Note: To enable the REST API on Cumulus:
sshpass -p root ssh root@clab-static-vxlan-spine-lab-cumulus1 'systemctl enable restserver && systemctl start restserver'
By observing datapath VXLAN traffic from static VTEP nodes, we can dynamically discover MAC addresses and VTEP endpoint IPs.
This Github repo implements such an approach, using the following components:
- The Ryu BGP speaker library and packet parsing classes
- Google gRPC framework, modified to support eventlet (used by Ryu)
- VXLAN ARP snooping using Extended Berkeley Packet Filters(eBPF) filters
The idea is to create an eBPF program to filter out VXLAN packets on a given fabric interface inside the srbase network instance (associated with a MAC VRF (L2) or an IP VRF (L3) overlay service).

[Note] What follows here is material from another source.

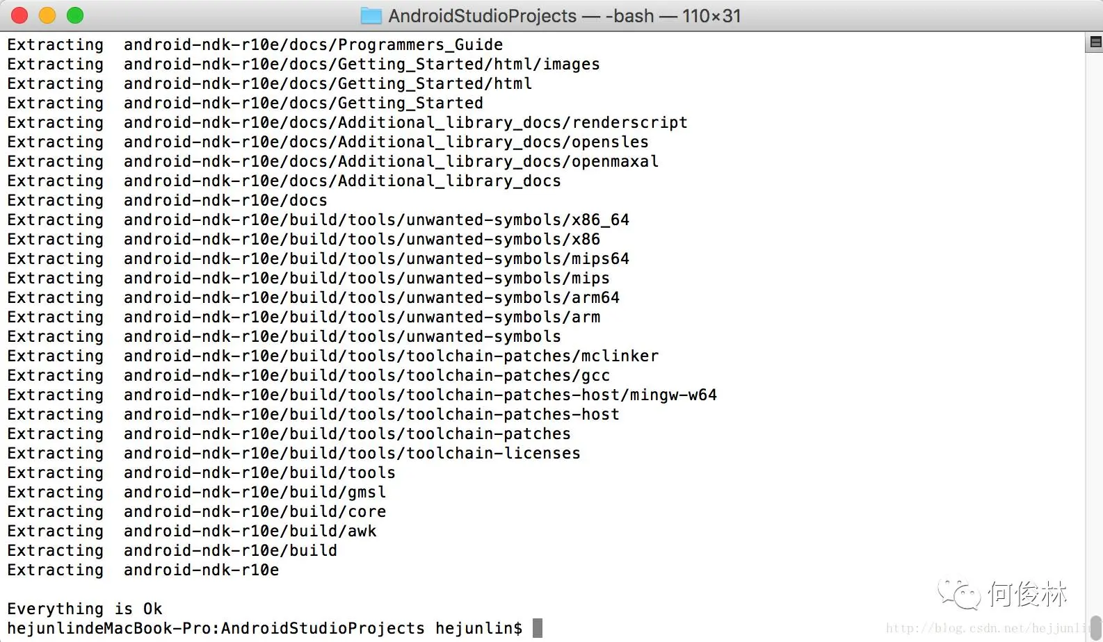 用命令 ./android-ndk-r10e-mac-x86_64.bin,就可进行进行解压,如下图:

The filter program selects only VXLAN packets (UDP port 4789) containing ARP packets (requests or responses).
Rx( packet ) {
if (packet==VXLAN) && (packet.inner == ARP) {
forward to Python userspace program
}
The Python userspace program receives filtered VXLAN ARP packets and uses BGP EVPN to advertise a route (type 2 for MAC-VRF, type 5 for IP-VRF[TODO]) to the fabric (locally or towards a route reflector). It participates in the EVPN fabric and only advertises routes for VTEPs that are not sending EVPN routes themselves.

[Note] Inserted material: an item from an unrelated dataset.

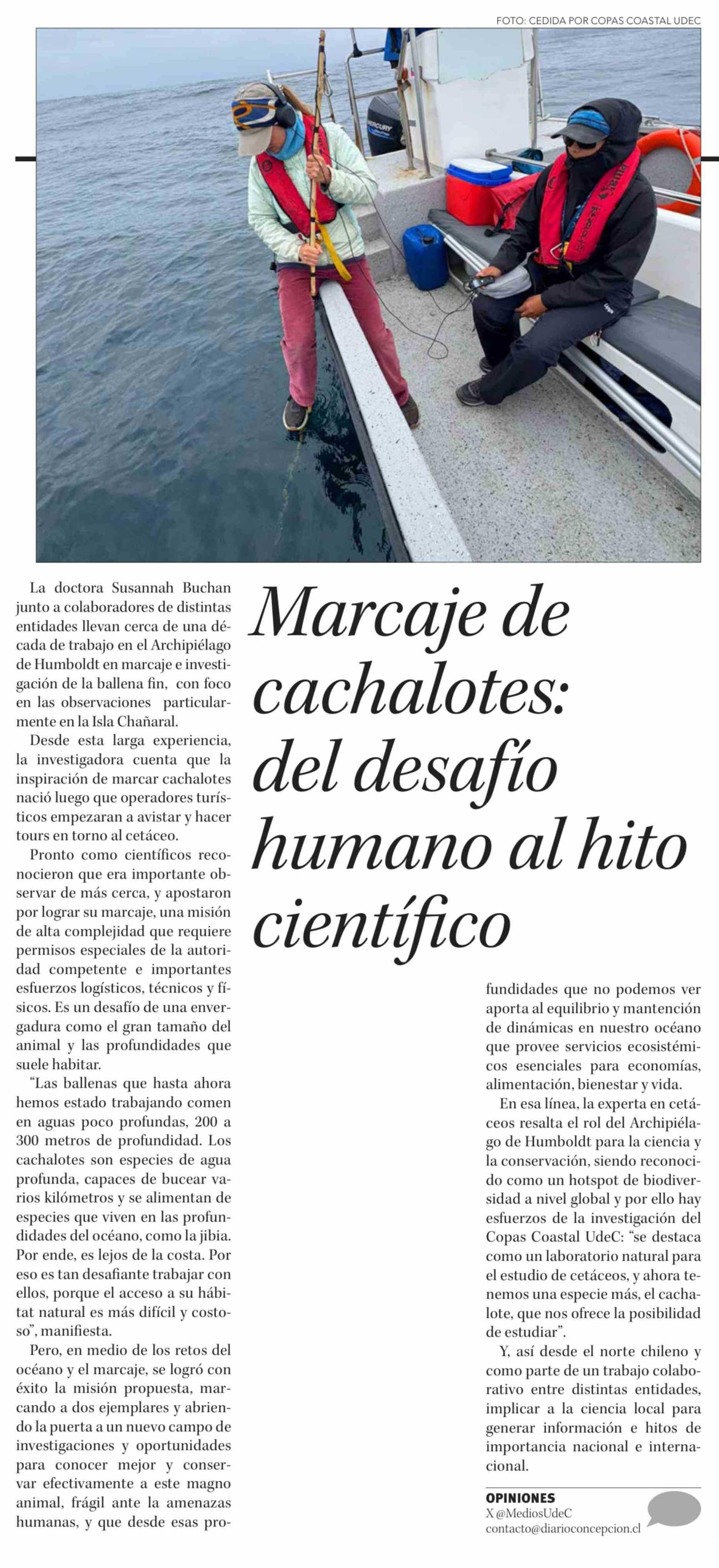Título: Investigadora UdeC participó del primer marcaje satelital de cachalotes en el Pacífico Suroriental

As it was found that Ryu implicitly assumes the sending endpoint is also the tunnel endpoint, some minor changes had to be made to allow for arbitrary tunnel endpoint IPs in multicast routes.
Using Containerlab, the following topology can be deployed:
bash -c "$(curl -sL https://get-clab.srlinux.dev)" # install Containerlab, version 0.18 or higher
git clone --recurse-submodules https://github.com/jbemmel/srl-evpn-proxy.git
make all # to build the custom 'srl/evpn-proxy-agent' Docker container
cd labs/spine-leaf && sudo containerlab deploy -t static-vxlan-with-spine.lab
All VXLAN traffic is forwarded via a single spine. Out of the box, the EVPN proxy agent is disabled; h1 can ping h2 and h3 can ping h4 (after giving the nodes enough time to boot):
jeroen@bembox:~/srlinux/srl-evpn-proxy$ docker exec -it clab-static-vxlan-spine-lab-h1 ping 10.0.0.102 -c2
PING 10.0.0.102 (10.0.0.102) 56(84) bytes of data.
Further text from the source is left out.